• _ASSIGNED TASK_
The full listing should be written out verbatim, and its images should be dropped.

• _SUPPLIED MATERIAL_
____

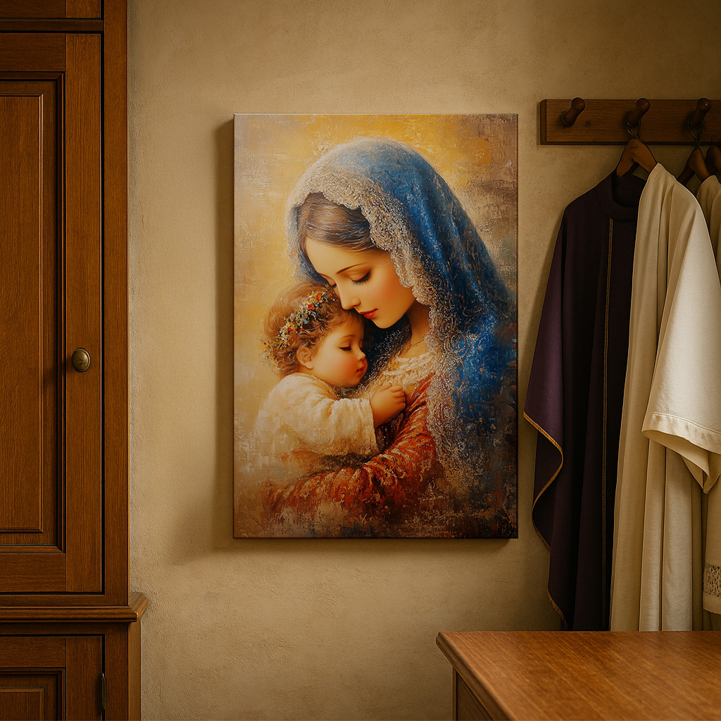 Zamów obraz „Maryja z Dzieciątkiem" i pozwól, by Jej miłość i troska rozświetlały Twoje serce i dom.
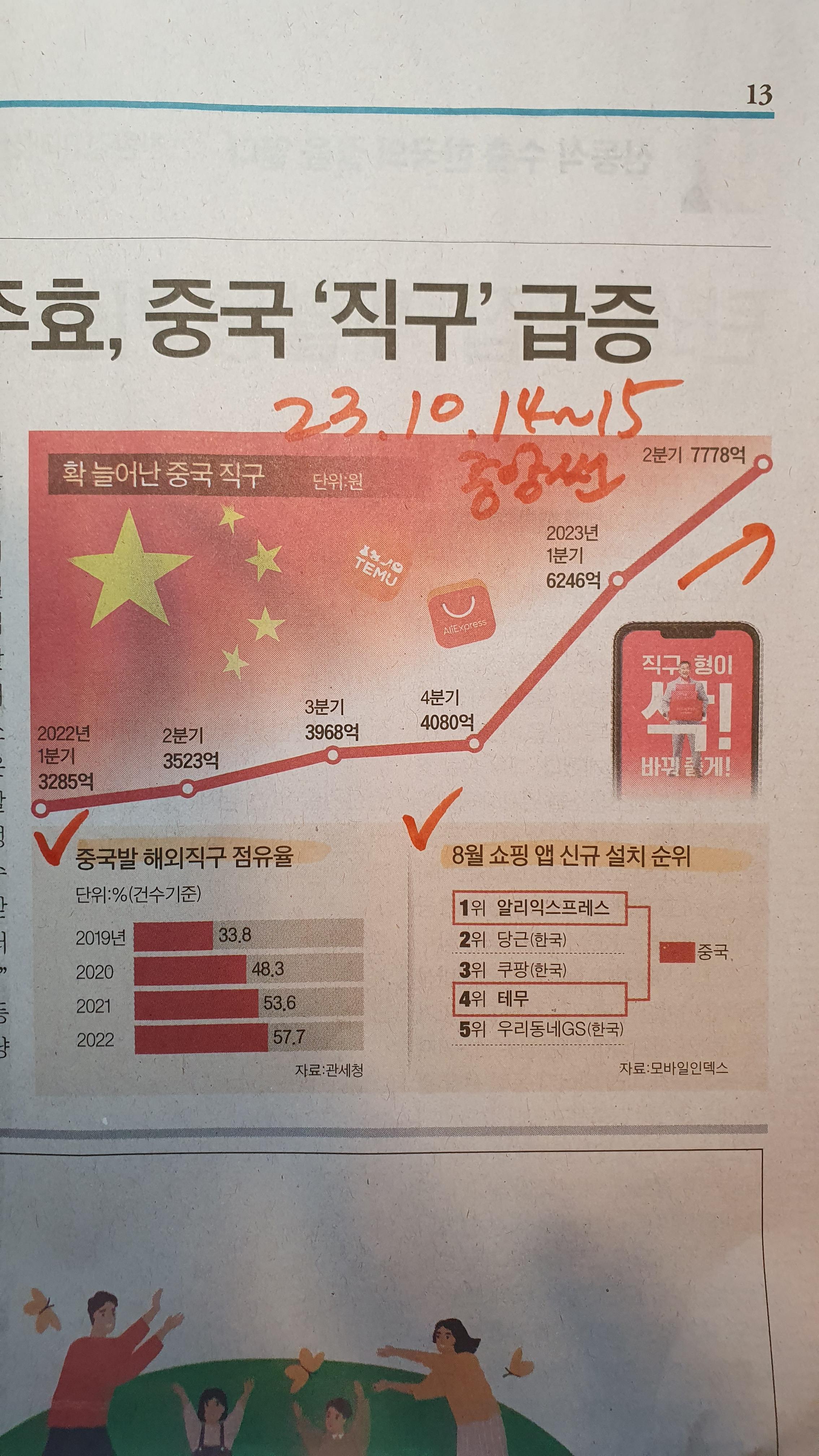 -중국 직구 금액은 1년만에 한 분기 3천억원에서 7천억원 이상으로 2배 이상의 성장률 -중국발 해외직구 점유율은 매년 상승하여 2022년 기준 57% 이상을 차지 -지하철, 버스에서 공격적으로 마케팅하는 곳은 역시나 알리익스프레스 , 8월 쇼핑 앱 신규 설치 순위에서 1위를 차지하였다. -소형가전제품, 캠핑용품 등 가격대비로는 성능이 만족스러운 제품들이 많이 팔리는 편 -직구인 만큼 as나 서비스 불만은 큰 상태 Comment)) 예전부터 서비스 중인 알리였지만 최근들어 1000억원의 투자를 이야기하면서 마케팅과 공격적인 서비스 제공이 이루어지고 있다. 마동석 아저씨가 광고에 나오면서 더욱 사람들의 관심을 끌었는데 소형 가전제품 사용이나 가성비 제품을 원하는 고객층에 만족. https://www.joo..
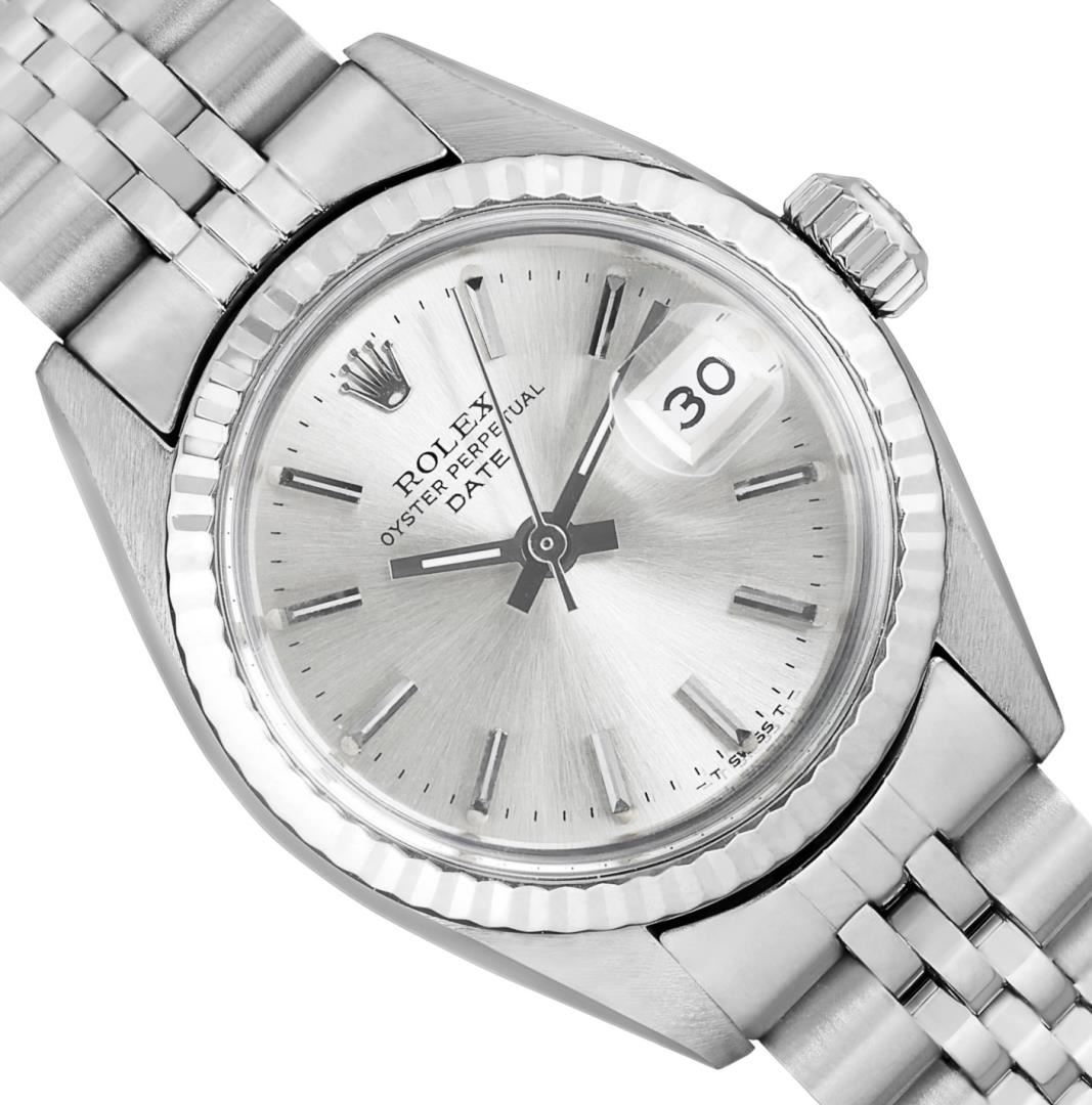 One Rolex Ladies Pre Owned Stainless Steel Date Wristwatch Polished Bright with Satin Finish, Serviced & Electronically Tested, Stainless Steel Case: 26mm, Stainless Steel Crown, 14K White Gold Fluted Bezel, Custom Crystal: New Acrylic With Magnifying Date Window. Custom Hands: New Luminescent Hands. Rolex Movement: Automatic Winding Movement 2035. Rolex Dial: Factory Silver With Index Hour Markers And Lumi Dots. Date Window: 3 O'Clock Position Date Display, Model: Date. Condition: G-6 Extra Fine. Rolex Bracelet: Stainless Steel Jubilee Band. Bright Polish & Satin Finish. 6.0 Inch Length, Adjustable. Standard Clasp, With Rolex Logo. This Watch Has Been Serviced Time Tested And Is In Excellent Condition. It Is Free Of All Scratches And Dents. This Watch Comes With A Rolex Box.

____

• _RESULT BELOW_
 Zamów obraz „Maryja z Dzieciątkiem" i pozwól, by Jej miłość i troska rozświetlały Twoje serce i dom.
 -중국 직구 금액은 1년만에 한 분기 3천억원에서 7천억원 이상으로 2배 이상의 성장률 -중국발 해외직구 점유율은 매년 상승하여 2022년 기준 57% 이상을 차지 -지하철, 버스에서 공격적으로 마케팅하는 곳은 역시나 알리익스프레스 , 8월 쇼핑 앱 신규 설치 순위에서 1위를 차지하였다. -소형가전제품, 캠핑용품 등 가격대비로는 성능이 만족스러운 제품들이 많이 팔리는 편 -직구인 만큼 as나 서비스 불만은 큰 상태 Comment)) 예전부터 서비스 중인 알리였지만 최근들어 1000억원의 투자를 이야기하면서 마케팅과 공격적인 서비스 제공이 이루어지고 있다. 마동석 아저씨가 광고에 나오면서 더욱 사람들의 관심을 끌었는데 소형 가전제품 사용이나 가성비 제품을 원하는 고객층에 만족. https://www.joo..
 One Rolex Ladies Pre Owned Stainless Steel Date Wristwatch Polished Bright with Satin Finish, Serviced & Electronically Tested, Stainless Steel Case: 26mm, Stainless Steel Crown, 14K White Gold Fluted Bezel, Custom Crystal: New Acrylic With Magnifying Date Window. Custom Hands: New Luminescent Hands. Rolex Movement: Automatic Winding Movement 2035. Rolex Dial: Factory Silver With Index Hour Markers And Lumi Dots. Date Window: 3 O'Clock Position Date Display, Model: Date. Condition: G-6 Extra Fine. Rolex Bracelet: Stainless Steel Jubilee Band. Bright Polish & Satin Finish. 6.0 Inch Length, Adjustable. Standard Clasp, With Rolex Logo. This Watch Has Been Serviced Time Tested And Is In Excellent Condition. It Is Free Of All Scratches And Dents. This Watch Comes With A Rolex Box.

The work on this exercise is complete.